Proteomic profiling of HIV-1 infection of human CD4+ T cells identifies PSGL-1 as an HIV restriction factor

  • Nat Microbiol. 2019 May;4(5):813-825. doi: 10.1038/s41564-019-0372-2.
Ying Liu  # 1 Yajing Fu  # 2 3 Qian Wang 4 Mushan Li 5 Zheng Zhou 3 Deemah Dabbagh 3 Chunyan Fu 1 Hang Zhang 1 Shuo Li 1 Tengjiang Zhang 1 Jing Gong 1 Xiaohui Kong 1 Weiwei Zhai 6 7 Jiaming Su 8 Jianping Sun 9 Yonghong Zhang 9 Xiao-Fang Yu 8 Zhen Shao 5 Feng Zhou 10 Yuntao Wu 11 Xu Tan 12
Affiliations

Affiliations

  • 1 MOE Key Laboratory of Bioorganic Phosphorus Chemistry & Chemical Biology, Beijing Advanced Innovation Center for Structural Biology, School of Pharmaceutical Sciences, Tsinghua-Peking Center for Life Sciences, Center for Infectious Disease Research, School of Medicine, Tsinghua University, Beijing, China.

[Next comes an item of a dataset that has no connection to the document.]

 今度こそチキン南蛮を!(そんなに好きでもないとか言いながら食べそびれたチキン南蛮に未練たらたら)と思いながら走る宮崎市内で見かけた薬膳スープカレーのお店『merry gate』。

  • 2 Key Laboratory of AIDS Immunology of National Health and Family Planning Commission, Department of Laboratory Medicine, The First Affiliated Hospital, China Medical University, Shenyang, China.
  • 3 School of System Biology, George Mason University, Manassas, VA, USA.

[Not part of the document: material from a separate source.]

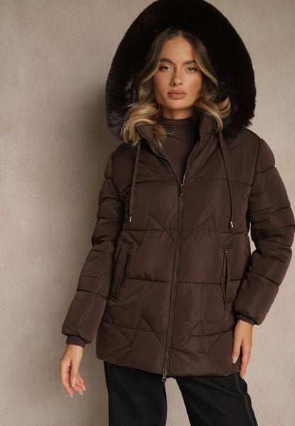 Brązowa Taliowana Kurtka z Pikowanymi Przeszyciami i Kapturem z Futrem Avileria

  • 4 Liver Cancer Institute, Zhongshan Hospital, Key Laboratory of Carcinogenesis and Cancer Invasion, Ministry of Education and Institutes of Biomedical Sciences, Fudan University, Shanghai, China.
  • 5 Key Laboratory of Computational Biology, CAS-MPG Partner Institute for Computational Biology, Shanghai Institutes for Biological Sciences, Chinese Academy of Sciences, Shanghai, China.

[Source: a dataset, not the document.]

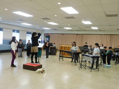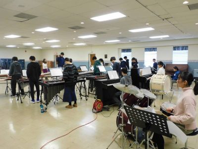 本日5,6時間目、明後日に迫った音楽発表会に向けた各学部の合同練習会が行われました。約2か月間、各自が担当する楽器を練習してきました。明後日は、各学部1曲ずつの演奏となりますが、練習の成果を御覧いただければと思います。(昼休みに音楽室からコナーズホールに楽器を移動しました。)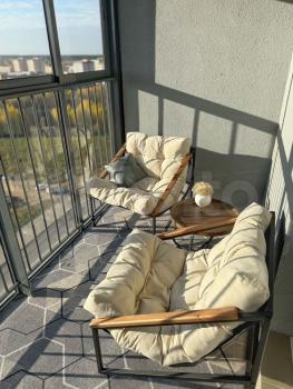 * Большой балкон с панорамным видом на зелёные поля,

  • 6 Key Laboratory of Zoological Systematics and Evolution, Institute of Zoology, Chinese Academy of Sciences, Beijing, China.
  • 7 Center for Excellence in Animal Evolution and Genetics, Chinese Academy of Sciences, Kunming, China.
  • 8 Cancer Institute (Key Laboratory of Cancer Prevention and Intervention, China National Ministry of Education), Second Affiliated Hospital, School of Medicine, Zhejiang University, Hangzhou, Zhejiang, China.
  • 9 Beijing You'an Hospital, Capital Medical University, Beijing, China.
  • 10 Liver Cancer Institute, Zhongshan Hospital, Key Laboratory of Carcinogenesis and Cancer Invasion, Ministry of Education and Institutes of Biomedical Sciences, Fudan University, Shanghai, China. [email protected].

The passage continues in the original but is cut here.